Deadringer · 31/10/2023 16:24

Don't listen to other parents who's baby is bigger, feeds better, sleeps better, or is more advanced in any way, it doesn't matter and is probably not true anyway.

theinnergame · 31/10/2023 18:38

If you can find a copy of The Social Baby, it's a beautiful book with lots of photos showing you some of the amazing things about newborns and also demonstrating that babies vary - sone of them you will need to tiptoe round or they will wake and others you won't. All of mine needed to be in a cot in a darkened room to fall asleep and cried in the car until they were 3 months old. The youngest had to cry to fall asleep and I had to crawl out of the room in the middle of the night, the middle one self-settled from 9 weeks and took herself to bed by 18 months... the oldest never woke between 7.30 and midnight by 3 months but you had a screamer if you didn't get her in bed by 7.30. They vary, so taking in the range of tips to try is better than deciding what you will do.

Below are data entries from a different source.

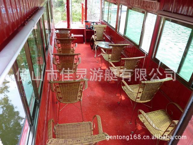 吃水:0.3m 功率:2.5kw电机或40hp挂机 航速:12kw-40kw/h 乘员:20人 电池:200ah*8只 820普通画舫引进进口船型,由本公司开发设计制造。其动力采用环保型直流电 机,适用于水库、公园、内湖等水域航行。船体采用优质玻璃纤维制造,具有强度高,重 量轻的优点。甲板室由钢架安装而成,玻璃钢架与船体连接牢固,是无噪音、无污染 的理想游览观光船。双浮连体结构,平稳安全,底舱发泡处理,具有良好抗沉性,灵 活方便的操作系统,完善的安全措施配备,此船型在各大风景区、水库深受客户的欢迎 | |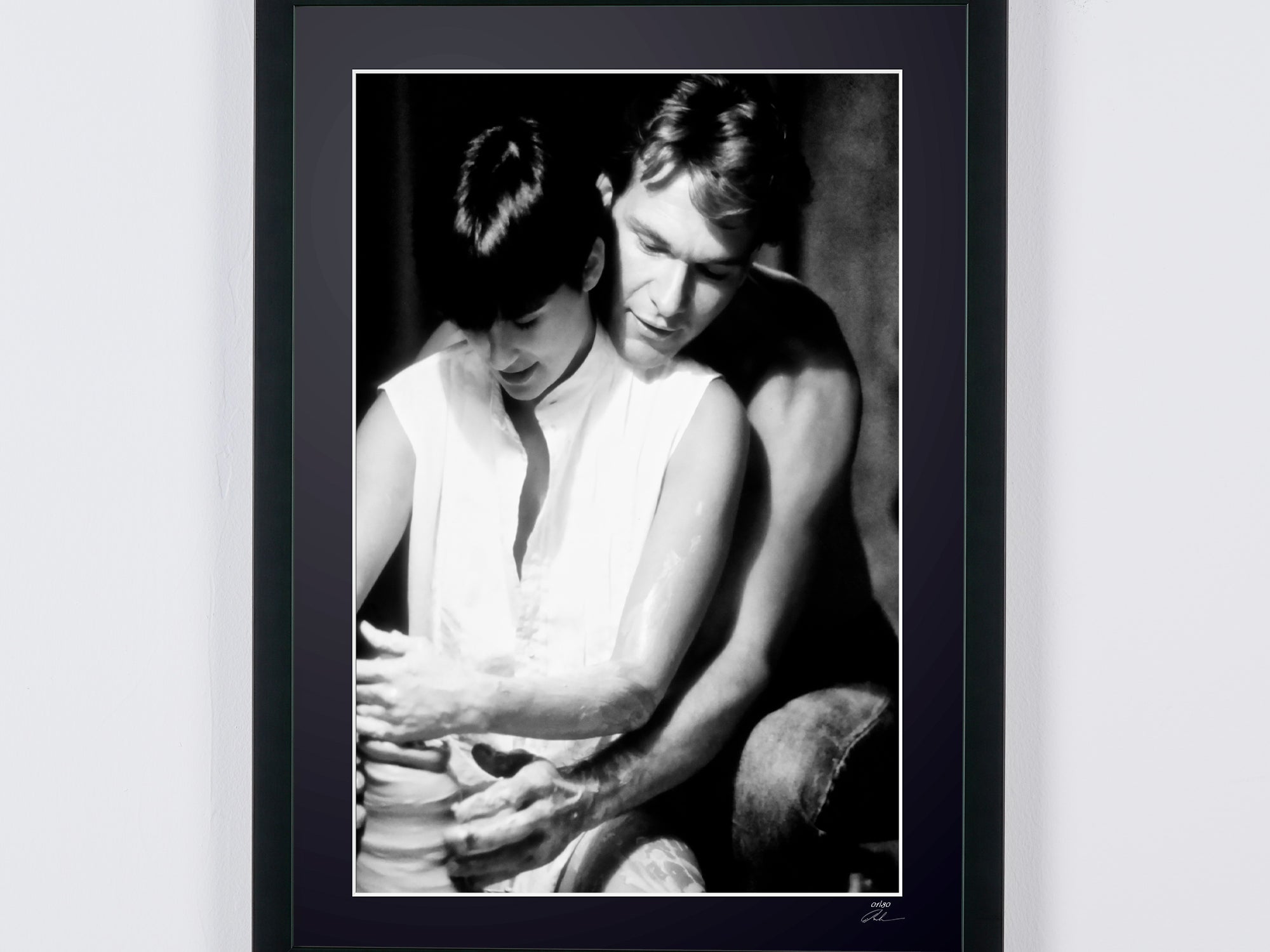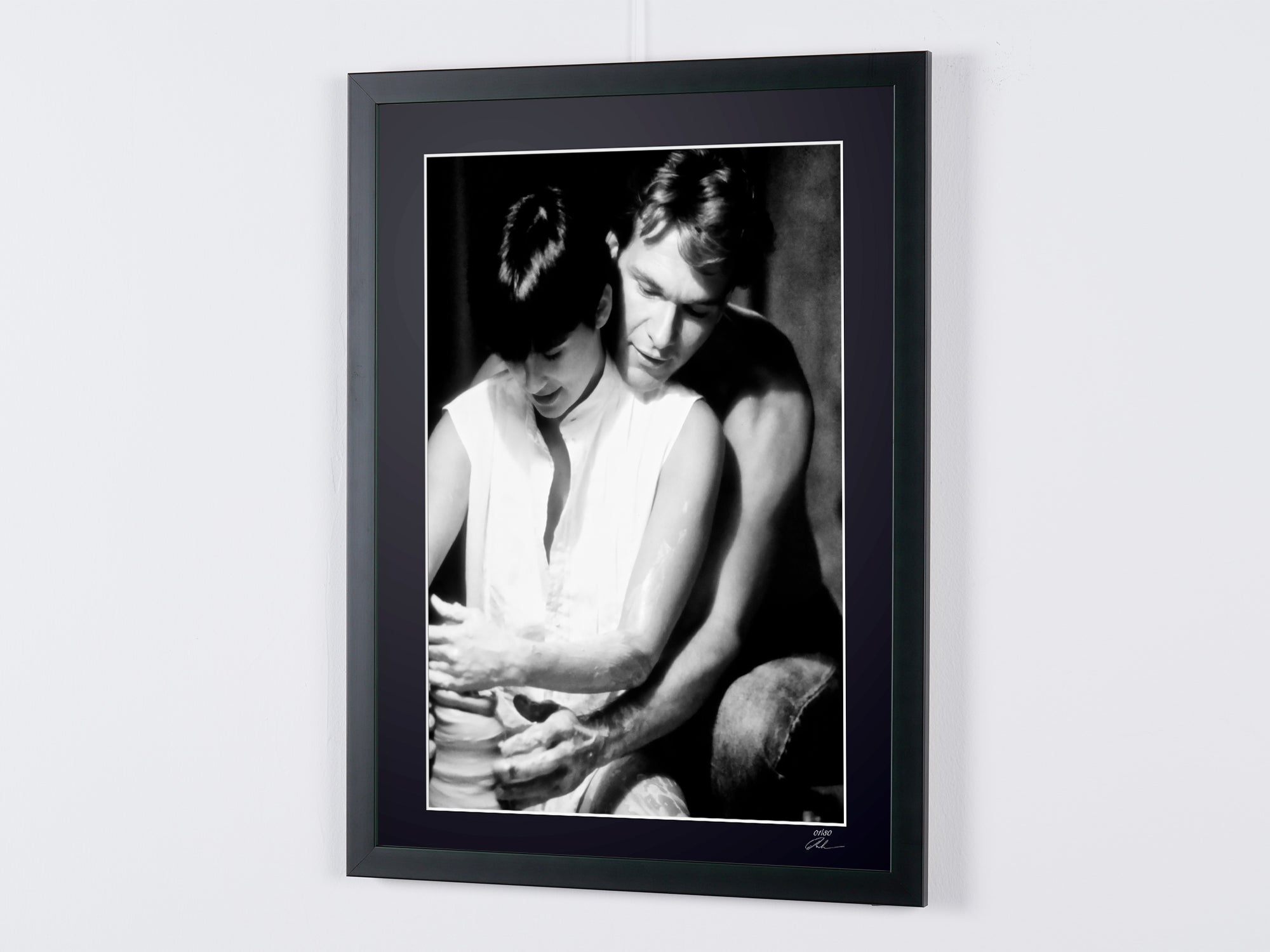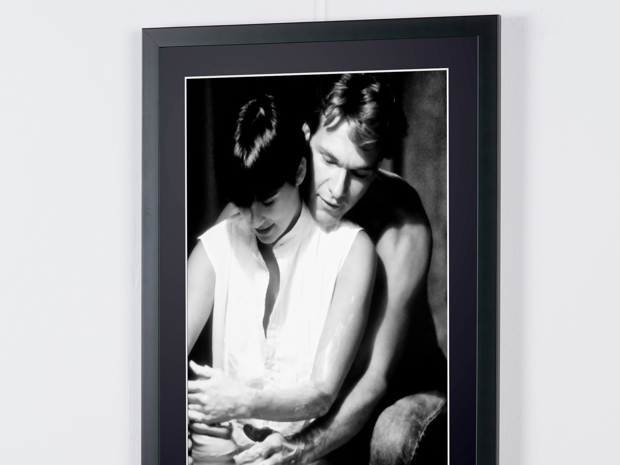 Framed photo from "Ghost (1990) - Patrick Swayze (Sam) & Demi Moore (Molly) - Wooden Frame 70x50 cm - - Original Certificate (COA), Hologram Logo, and QR Code" — Black-and-white fine art print on fine art paper 70x50 cm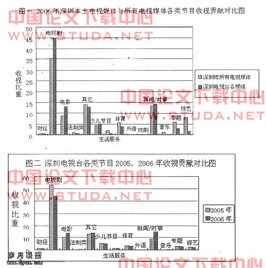 图一清晰地显示出了,与深圳地区所有电视媒体相比,深圳本土电视媒体在新闻时事、电影、少儿节目等方面明显具有竞争优势,而在综艺、专题、、等方面明显不如其他媒体。
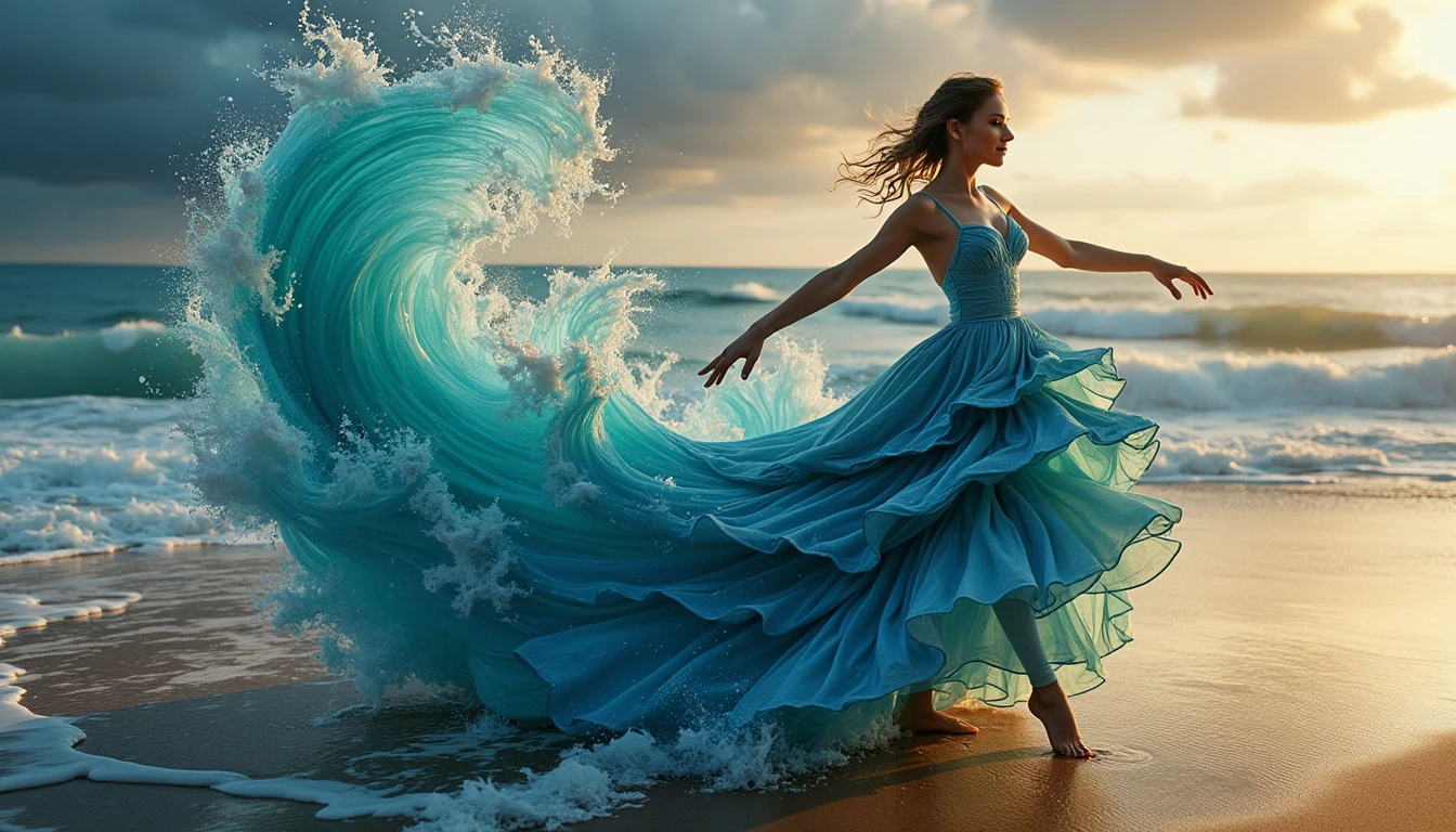 Dancer on sandy beach, dress transforming into vibrant ocean wave. Richly detailed wave in blue hues, adorned with marine life. Dark clouds contrast bright sky background. Shore meets gentle rolling waves. Movement and harmony between nature and dance. Sharp focus on dancer and dress-wave. Soft focus on background. Dynamic pose captures fluidity. Intricate details in wave-dress transition. Photorealistic style with fantastical elements. Golden hour lighting enhances colors. Subtle spray and foam details. Seamless blend of human form and natural elements.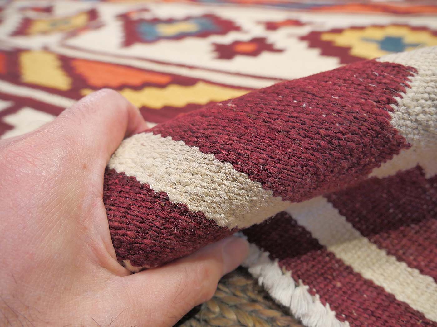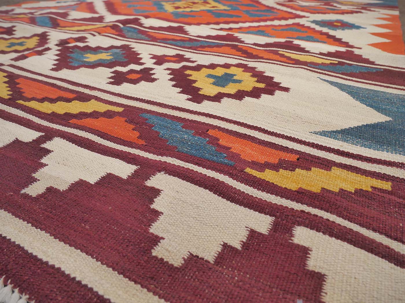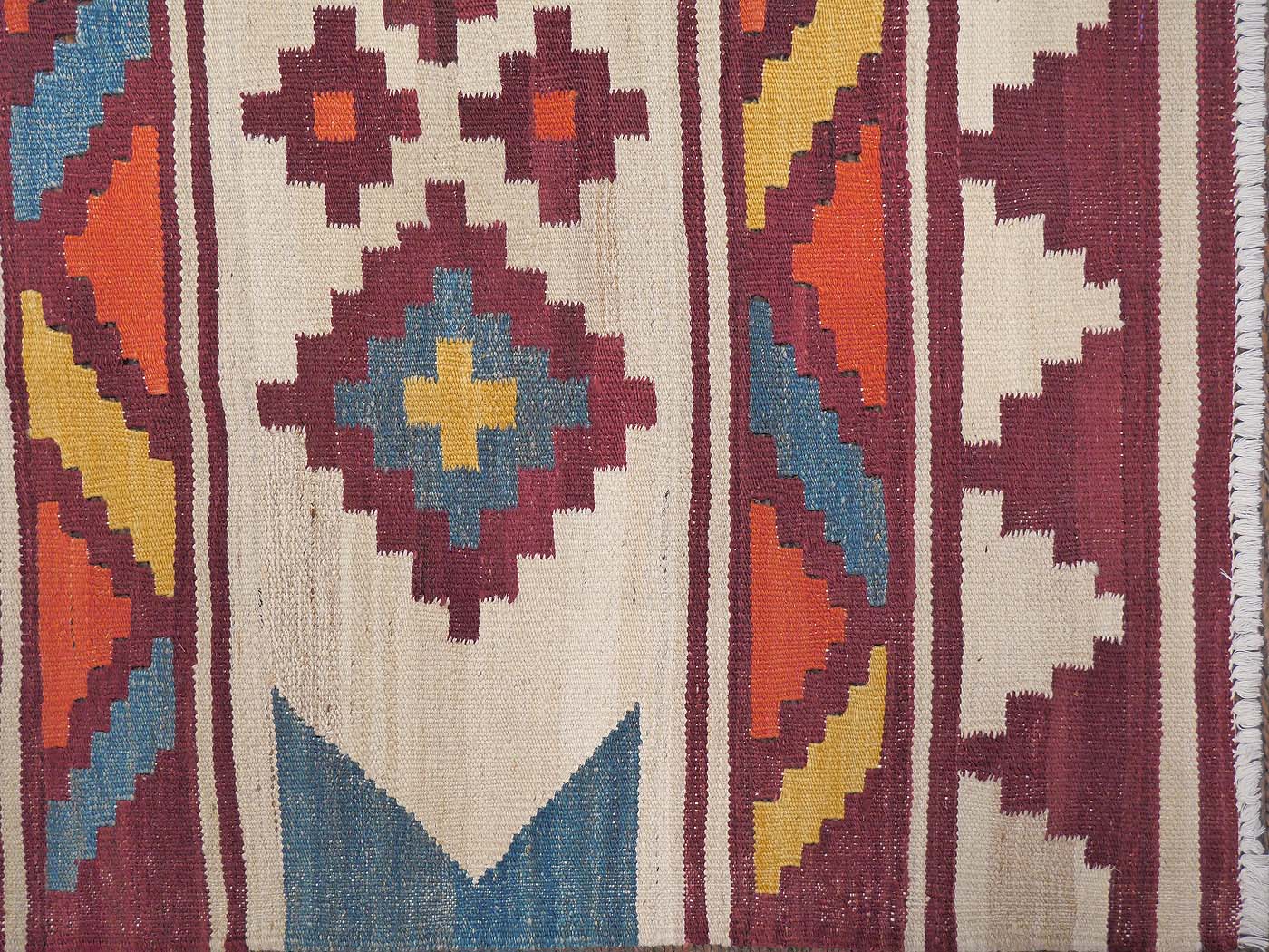 This handmade kilim rug is tightly flat woven in a tapestry weave technique. Made exclusively for Nomad Rugs with natural dyes and handspun wool. These kilims have a slightly primitive texture and a rich abrash which makes them look much like the antique kilims prized by collectors. We search far and wide for the designs that we gleam from an eclectic array of sources including classic tribal flat weaves, world textiles and modern abstractions. These are simply the nicest hand woven kilim rugs made today. FREE Shipping and Easy Returns.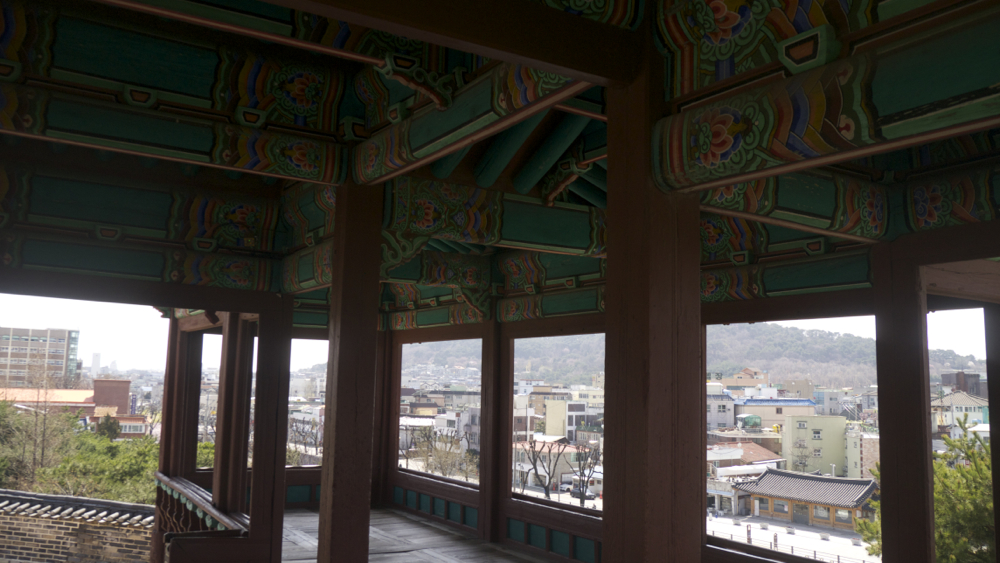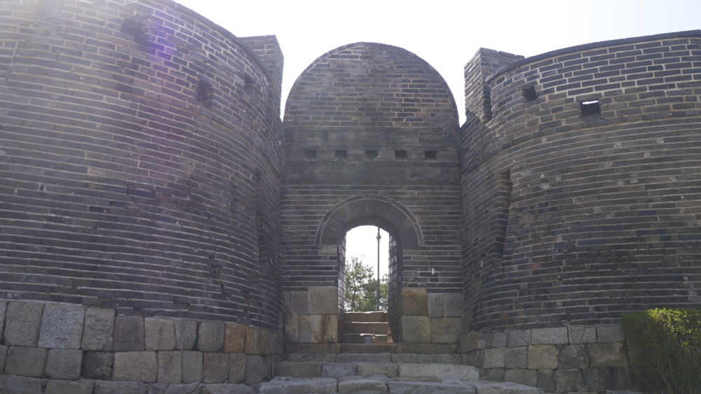 동북포루에서 터벅터벅 성곽을 따라 내리막길을 내려오면, 짧은 구름다리 같은 게 나옵니다. 위에서 내려오다 보니 북암문의 상단, 즉 파수병이 서 있는 자리를 보다 보니 구름다리 같아 보이는데 실제로 좀 더 내려와서 보면 동암문과는 비슷하면서도 다른 북암문이 나타납니다. 그리고 그 너머에는 다음 Spot인 동북각루/방화슈류정이 보이네요.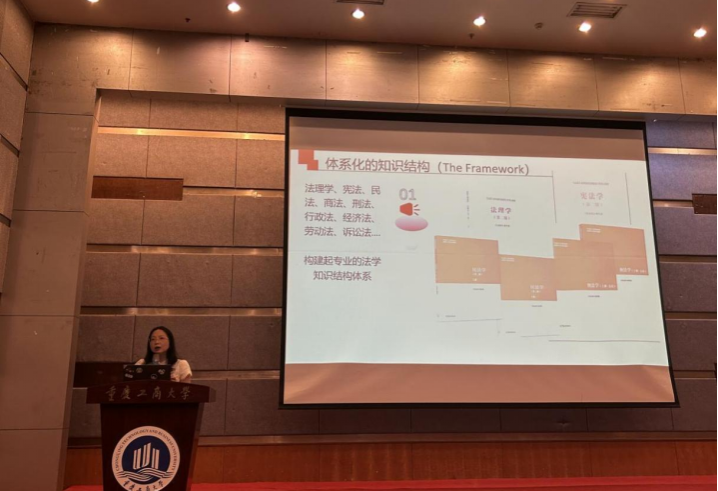 何祖润代表法学系全体教师向2025级新生的到来表示热烈欢迎。她系统宣讲了学校团务知识,同时表达了对新生专业学习与未来成长的殷切期待。随后,白玉围绕“法学专业的核心能力”“法学专业的就业方向”等话题展开分享,并结合自身丰富的学科经验为学生们答疑解惑。紧接着,袁维勤以“检索工具”为切入点,向新生详细推荐了法律条文以及专业文献查找的多个网址,进一步激发新生对专业学习的热情。最后,公杰详细介绍了法学专业目前发展状况以及未来展望,有效增强了新生的专业认同感与学习自信心。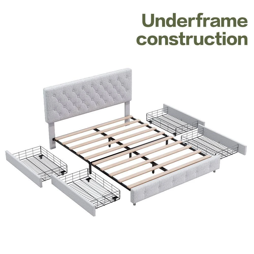 - Convenient storage solution: Say goodbye to clutter and hello to a tidy bedroom. Our queen storage bed frame comes with four spacious under-bed storage drawers on wheels. Ideal for organising out-of-season clothes, quilts and smaller items, these drawers ensure your belongings are neatly stored away. We also supply 4 matching drawer liners to prevent tipping and keep everything in place to protect your belongings.

Other tip - does not matter what routine you have but routines work better than not, keep doing them. Our youngest was tricky with falling asleep but it did help - still took 40 mins to fall asleep at 8y but knew to stay in bed trying (she's a night owl now in her late teens).

Riverbananacarrot · 06/11/2023 21:53

Re changing bag.
Put all the nappy things in a big sandwich bag, like wipes nappies , creams etc that way when you are out and need to do a nappy change you can just lift the bag out in 1 go without having to search through the bag
Also pack a few plastic bags for poonami clothes.